N Korea warns of war, repeats US talks offer
A top North Korean envoy said Friday that US hostility could lead to war at any time, but reaffirmed a government offer of talks with Washington that could include the nuclear weapons issue.
At a rare but typically combative news conference, the isolated state's UN ambassador Sin Son-Ho accused the United States of driving up tensions and appealed for an end to UN and US sanctions against Pyongyang.
"The most pressing issue in northeast Asia today is the hostile relations between the DPRK (North Korea) and the US which can lead to another war at any moment," Sin said.
With his country facing mounting UN and international sanctions over its recent nuclear bomb and missile tests, Sin said the North would never give up its atomic weapons.
North Korea "has a legitimate sovereign right to (its) self-defense deterrent as long as the United States continues its hostile policy towards DPRK and threatens it with nuclear weapons."
The country will "never give up (its) self-defense war deterrent."
Sin said US-South Korean war games risked leading the Korean peninsula into "another vicious cycle of tensions and conflict".

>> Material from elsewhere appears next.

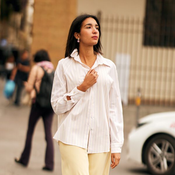 Pensata per essere indossata sia chiusa con i bottoni da sola oppure sganciata con sotto il suo top in abbinamento cromatico.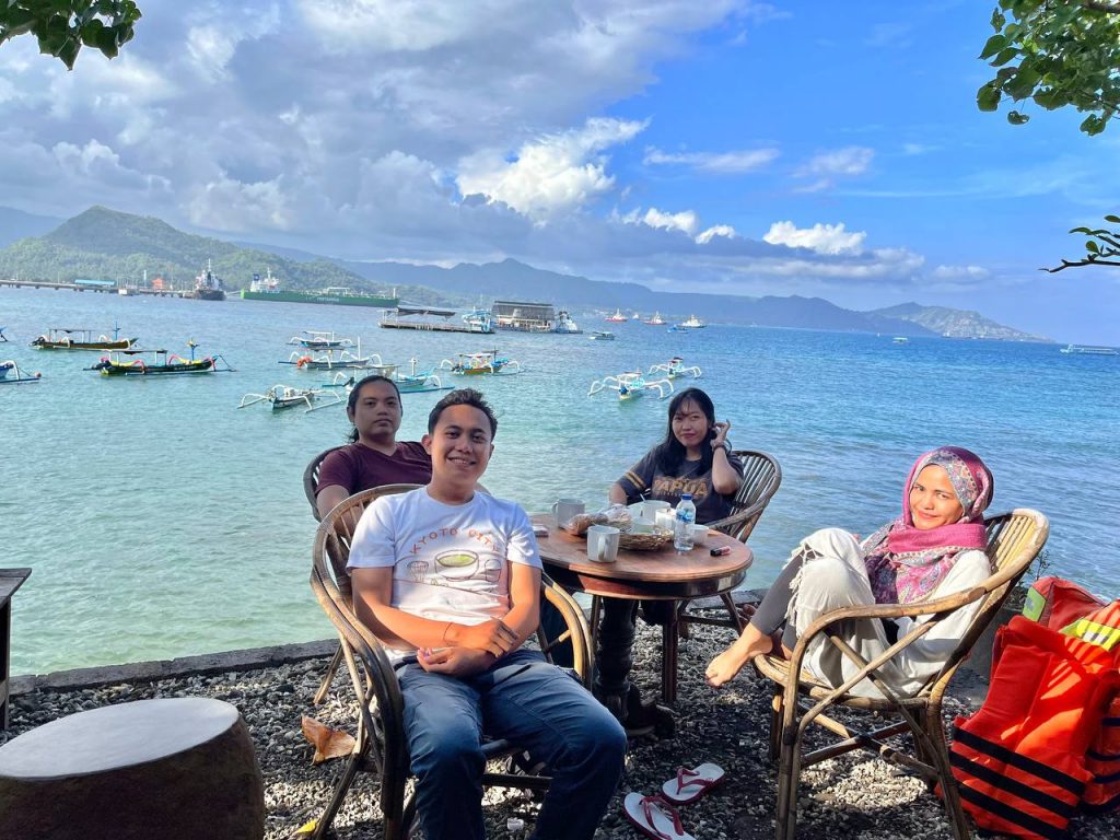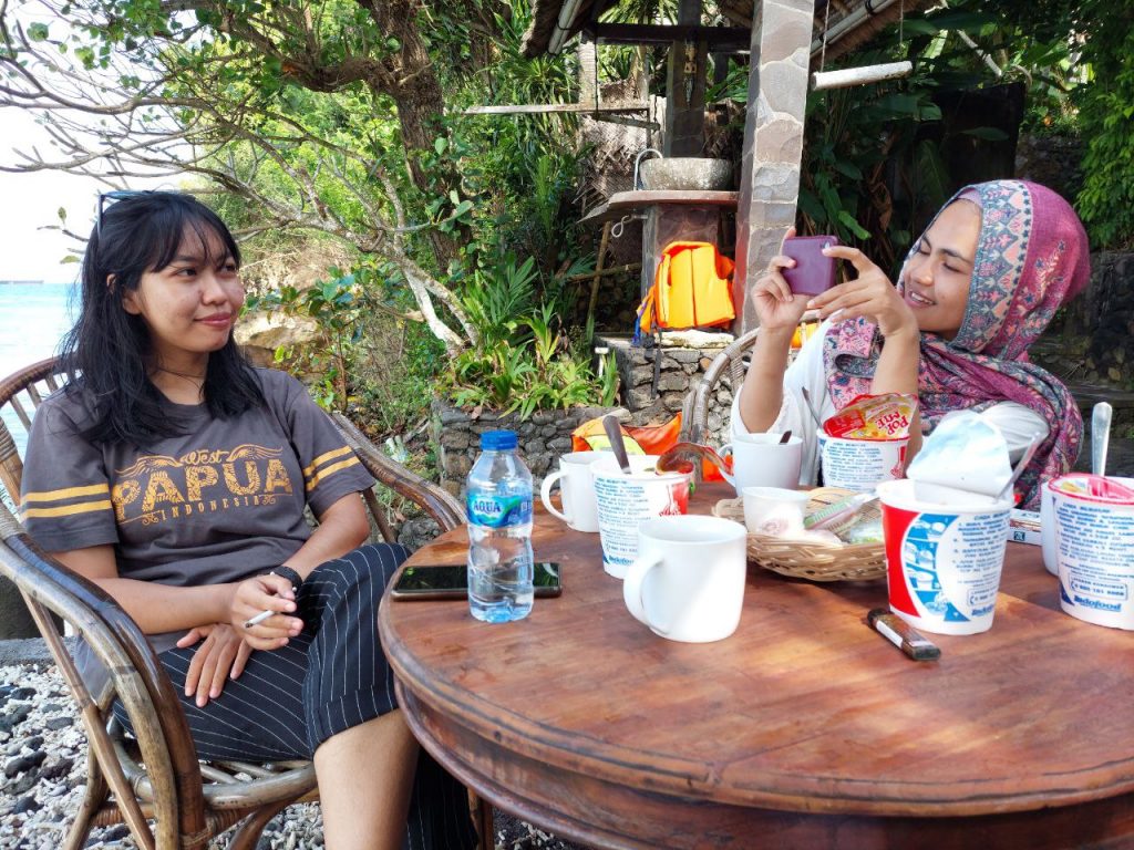 Sambil menggigil mencari pakaian ganti si Mbok menawarkan kami, “mau dibuatkan apa, pop mie, teh atau kopi?” Paket snorkeling di sini sudah termasuk cemilan yang mereka sediakan. Setelah mengganti pakaian, kami duduk santai di tepi laut. Makan pop mie dan seruput kopi. Canda tawa penambah makna. Setelah 1,5 jam duduk santai menikmati angin laut (alias kedinginan woyy), kami pulang dengan bahagia.

But the warnings were also mixed with the North's new message that it wants talks with the United States. The North's all-powerful National Defense Commission said Sunday that it wants talks with the US administration.
"This is our real intention to have talks," Sin said. "In the talks we can have wide-ranging discussions with the United States including those of easing tension on the Korean peninsula.
"Also we can discuss the matter of the world without nuclear weapons the United States has already proposed."
The envoy said that UN and US sanctions against North Korea, reinforced since its nuclear test in February, were "blackmail".
North Korea has said it wants talks with the United States to replace the armistice which halted but did not formally end the 1950-53 Korean war.